Below are records with pictures in them. Output exactly the lines from the one with "alte Ansichtskarte, gelaufen" through the one with "智能化工具和标准化文档,,保", both included, and leave every picture out; give only those lines.

● MATERIAL PROVIDED
────────────────────────────────────────
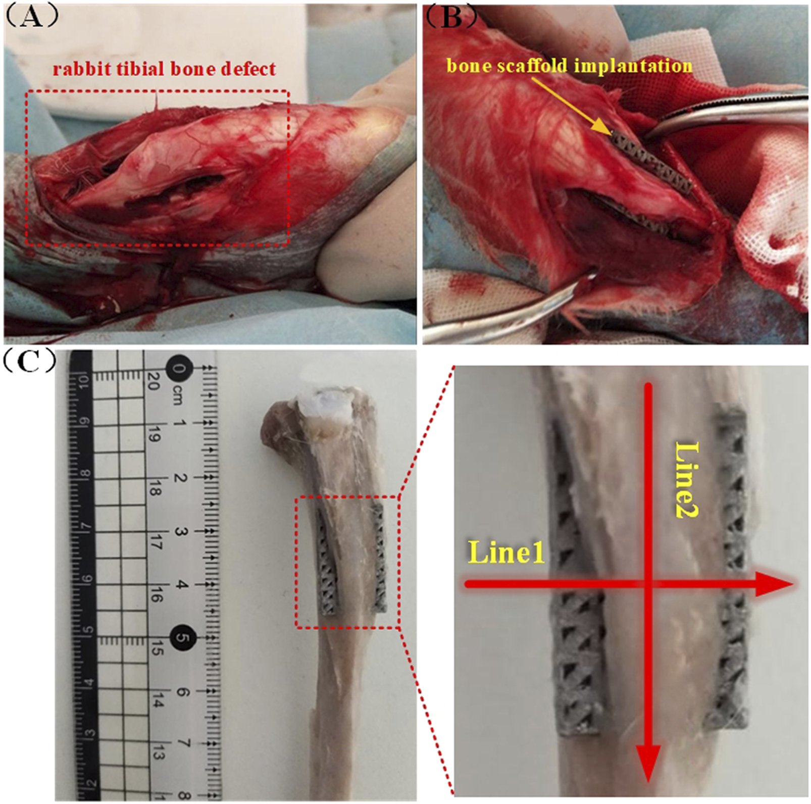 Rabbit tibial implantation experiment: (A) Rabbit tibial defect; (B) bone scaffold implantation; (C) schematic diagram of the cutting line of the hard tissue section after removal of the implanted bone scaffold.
────────────────────────────────────────
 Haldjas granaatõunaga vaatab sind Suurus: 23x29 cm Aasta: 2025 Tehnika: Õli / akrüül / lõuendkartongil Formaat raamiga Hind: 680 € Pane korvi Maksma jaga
────────────────────────────────────────
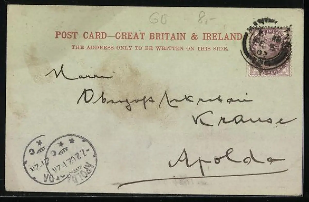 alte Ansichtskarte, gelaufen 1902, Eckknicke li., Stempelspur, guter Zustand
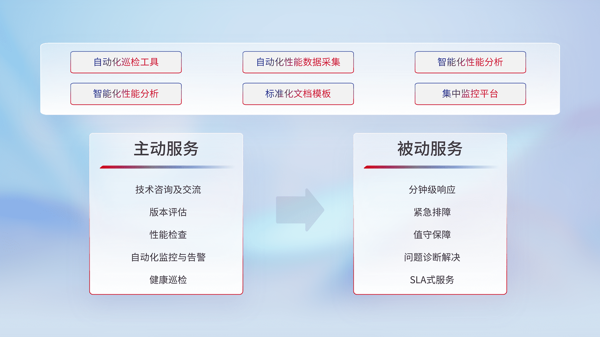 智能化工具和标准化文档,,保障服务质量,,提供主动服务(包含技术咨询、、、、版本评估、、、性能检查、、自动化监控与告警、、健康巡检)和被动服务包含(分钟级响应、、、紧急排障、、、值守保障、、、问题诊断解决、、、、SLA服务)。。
────────────────────────────────────────
● SOLUTION FOR THIS TASK
 alte Ansichtskarte, gelaufen 1902, Eckknicke li., Stempelspur, guter Zustand
 智能化工具和标准化文档,,保障服务质量,,提供主动服务(包含技术咨询、、、、版本评估、、、性能检查、、自动化监控与告警、、健康巡检)和被动服务包含(分钟级响应、、、紧急排障、、、值守保障、、、问题诊断解决、、、、SLA服务)。。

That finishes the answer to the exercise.